*** Opening Supplied data ***

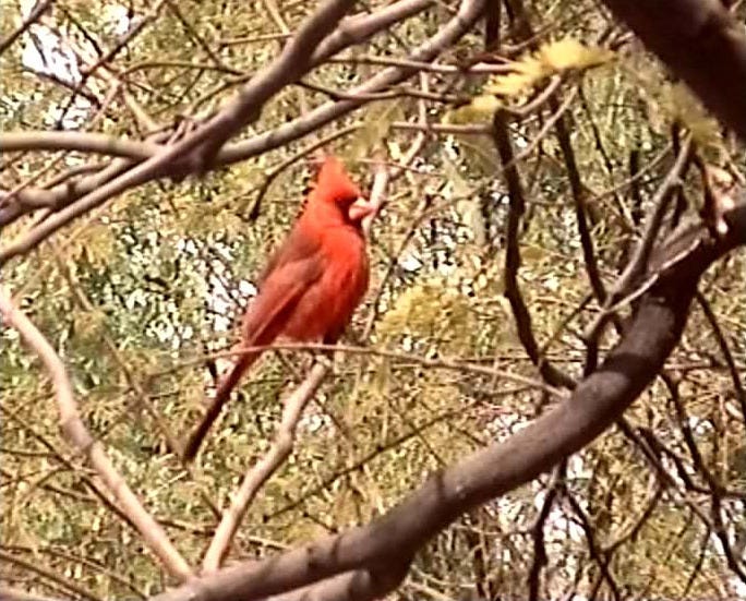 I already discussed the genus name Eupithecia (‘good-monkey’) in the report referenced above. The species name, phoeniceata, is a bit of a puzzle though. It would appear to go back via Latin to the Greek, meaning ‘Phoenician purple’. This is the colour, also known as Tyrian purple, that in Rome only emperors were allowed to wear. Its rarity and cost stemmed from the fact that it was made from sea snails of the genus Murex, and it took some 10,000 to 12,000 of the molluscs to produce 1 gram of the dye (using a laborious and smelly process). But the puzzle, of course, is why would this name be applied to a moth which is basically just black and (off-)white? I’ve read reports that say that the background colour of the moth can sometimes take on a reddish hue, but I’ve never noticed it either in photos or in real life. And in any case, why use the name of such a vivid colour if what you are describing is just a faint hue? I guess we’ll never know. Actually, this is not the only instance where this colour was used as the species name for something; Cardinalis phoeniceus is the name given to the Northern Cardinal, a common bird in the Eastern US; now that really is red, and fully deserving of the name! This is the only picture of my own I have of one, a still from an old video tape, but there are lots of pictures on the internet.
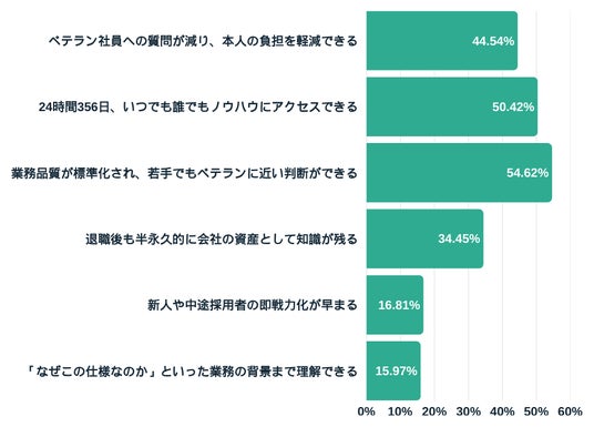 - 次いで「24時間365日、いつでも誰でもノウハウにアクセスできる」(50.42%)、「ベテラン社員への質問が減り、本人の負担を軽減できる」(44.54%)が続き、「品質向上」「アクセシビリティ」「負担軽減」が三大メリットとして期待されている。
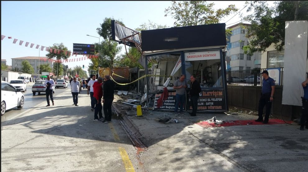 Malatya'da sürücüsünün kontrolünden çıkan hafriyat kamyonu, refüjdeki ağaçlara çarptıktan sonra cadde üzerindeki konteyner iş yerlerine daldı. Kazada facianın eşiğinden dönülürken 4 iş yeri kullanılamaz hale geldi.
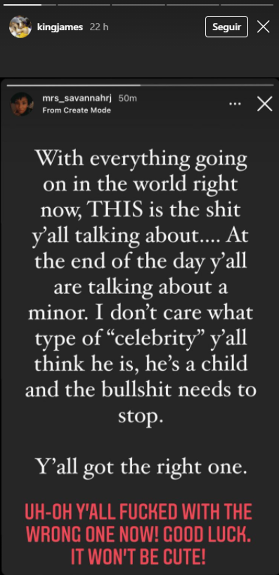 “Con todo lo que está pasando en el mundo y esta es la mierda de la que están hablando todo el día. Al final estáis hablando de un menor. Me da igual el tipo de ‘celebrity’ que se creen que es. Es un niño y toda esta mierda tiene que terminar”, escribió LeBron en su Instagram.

*** Closing Supplied data ***

- Your assignment -
Exactly the lines from the top of the listing through the line holding "Malatya'da sürücüsünün kontrolünden" should be repeated, with pictures left out.

- Solution to the exercise -
 I already discussed the genus name Eupithecia (‘good-monkey’) in the report referenced above. The species name, phoeniceata, is a bit of a puzzle though. It would appear to go back via Latin to the Greek, meaning ‘Phoenician purple’. This is the colour, also known as Tyrian purple, that in Rome only emperors were allowed to wear. Its rarity and cost stemmed from the fact that it was made from sea snails of the genus Murex, and it took some 10,000 to 12,000 of the molluscs to produce 1 gram of the dye (using a laborious and smelly process). But the puzzle, of course, is why would this name be applied to a moth which is basically just black and (off-)white? I’ve read reports that say that the background colour of the moth can sometimes take on a reddish hue, but I’ve never noticed it either in photos or in real life. And in any case, why use the name of such a vivid colour if what you are describing is just a faint hue? I guess we’ll never know. Actually, this is not the only instance where this colour was used as the species name for something; Cardinalis phoeniceus is the name given to the Northern Cardinal, a common bird in the Eastern US; now that really is red, and fully deserving of the name! This is the only picture of my own I have of one, a still from an old video tape, but there are lots of pictures on the internet.
 - 次いで「24時間365日、いつでも誰でもノウハウにアクセスできる」(50.42%)、「ベテラン社員への質問が減り、本人の負担を軽減できる」(44.54%)が続き、「品質向上」「アクセシビリティ」「負担軽減」が三大メリットとして期待されている。
 Malatya'da sürücüsünün kontrolünden çıkan hafriyat kamyonu, refüjdeki ağaçlara çarptıktan sonra cadde üzerindeki konteyner iş yerlerine daldı. Kazada facianın eşiğinden dönülürken 4 iş yeri kullanılamaz hale geldi.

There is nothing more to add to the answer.